Friday, March 6, 2015

Microsoft Vulnerabilities......

Microsoft on Thursday confirmed that Windows was vulnerable to FREAK attacks, and researchers changed their tune, saying Internet Explorer (IE) users were at risk.
"Microsoft is aware of a security feature bypass vulnerability in Secure Channel (Schannel) that affects all supported releases of Microsoft Windows," Microsoft said in the advisory. "Our investigation has verified that the vulnerability could allow an attacker to force the downgrading of the cipher suites used in an SSL/TLS connection on a Windows client system."
Schannel is a set of Windows protocols that, among other things, accesses the OS's cryptographic features to encrypt traffic between browsers and website servers using SSL (Secure Sockets Layer) and its successor, TLS (Transport Layer Security).
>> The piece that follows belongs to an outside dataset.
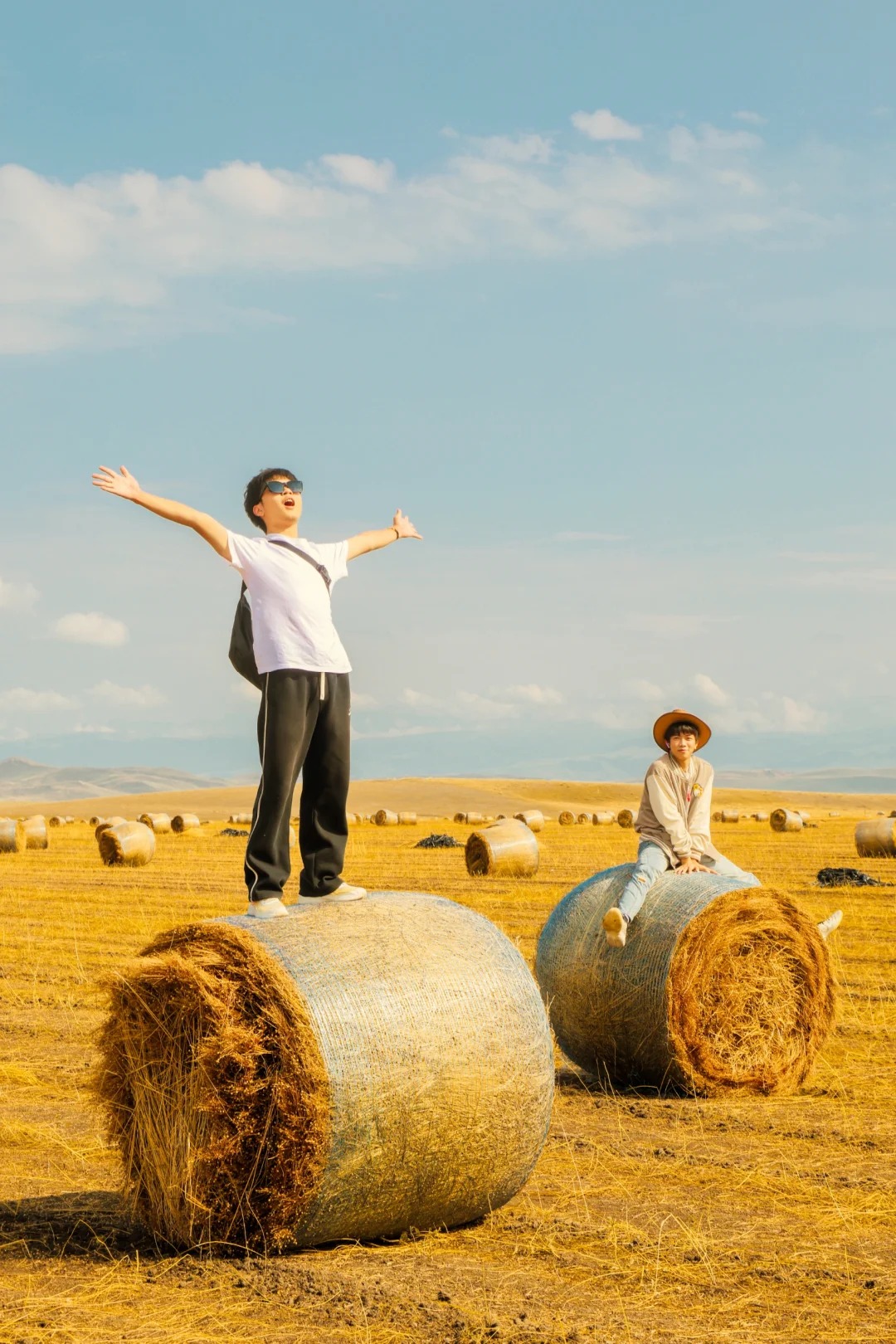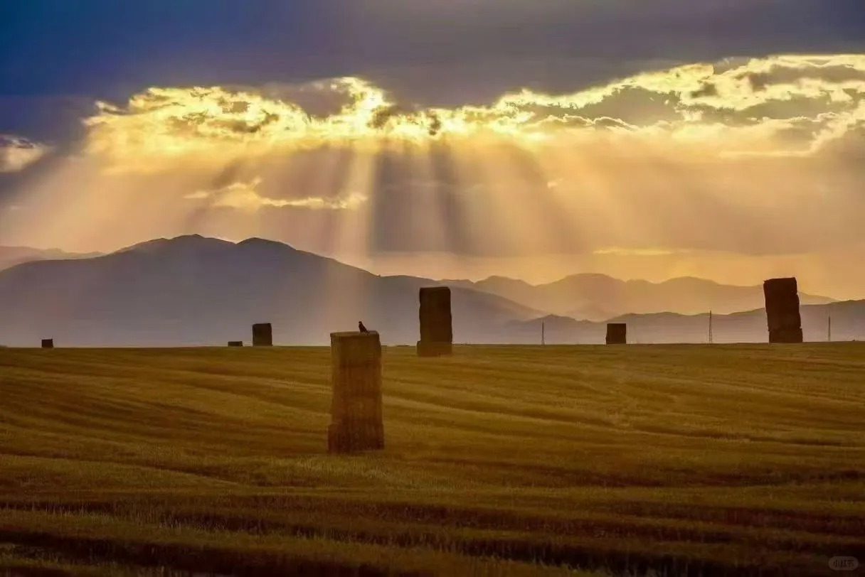 常小之:昭苏沿途有很多形状的草垛子,一眼望不到边,下车随处都可出片。在新疆旅行,不必执着于别人照片里的景点,自己发现的美才更独一无二。这个草垛子是我们开车沿途发现的,那时候阳光刚刚好,下车记录,每一张都是独属于我的新疆记忆。昭苏初秋的草垛子,散我心中意难平。

FREAK, on the other hand, is the label for the flaw that researchers from INRIA, a French research institute, and Microsoft disclosed Tuesday. The bug could allow attackers to silently force a browser-server connection to fall back to long-discarded encryption standards, those guarded by keys relatively easy to crack with off-the-shelf software and computing power purchased from cloud services like Amazon's EC2.
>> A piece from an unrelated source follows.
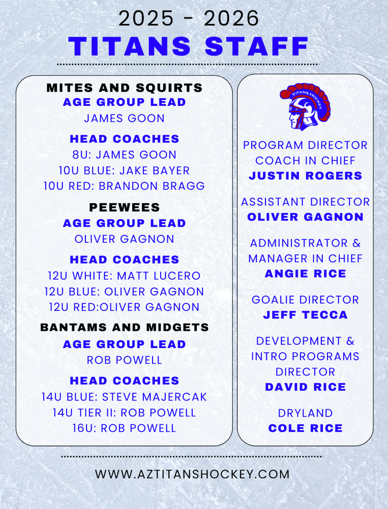 We are thrilled to announce the 2025 - 2026 VOSHA Titans staff and coaches. Together, their extensive experience includes youth, AAA, Juniors, D2 and pro hockey levels. We are excited to start our 8th season of Titans travel with this amazing group of leaders and cannot wait to be back on the ice for a fresh new season.

The most likely assault would be through a classic "man-in-the-middle" (MITM) attack, where criminals interpose themselves between users and servers on an insecure Wi-Fi network, like those at coffee shops and airports.
Microsoft listed every still-supported version of Windows as affected by the bug. Although the advisory did not promise a patch, Microsoft almost certainly will. The next regularly scheduled Patch Tuesday is next week, March 10.
Because Windows harbors the bug, Microsoft's IE browser is also vulnerable to a FREAK attack. (IE relies on Windows' cryptography to implement SSL and TLS.)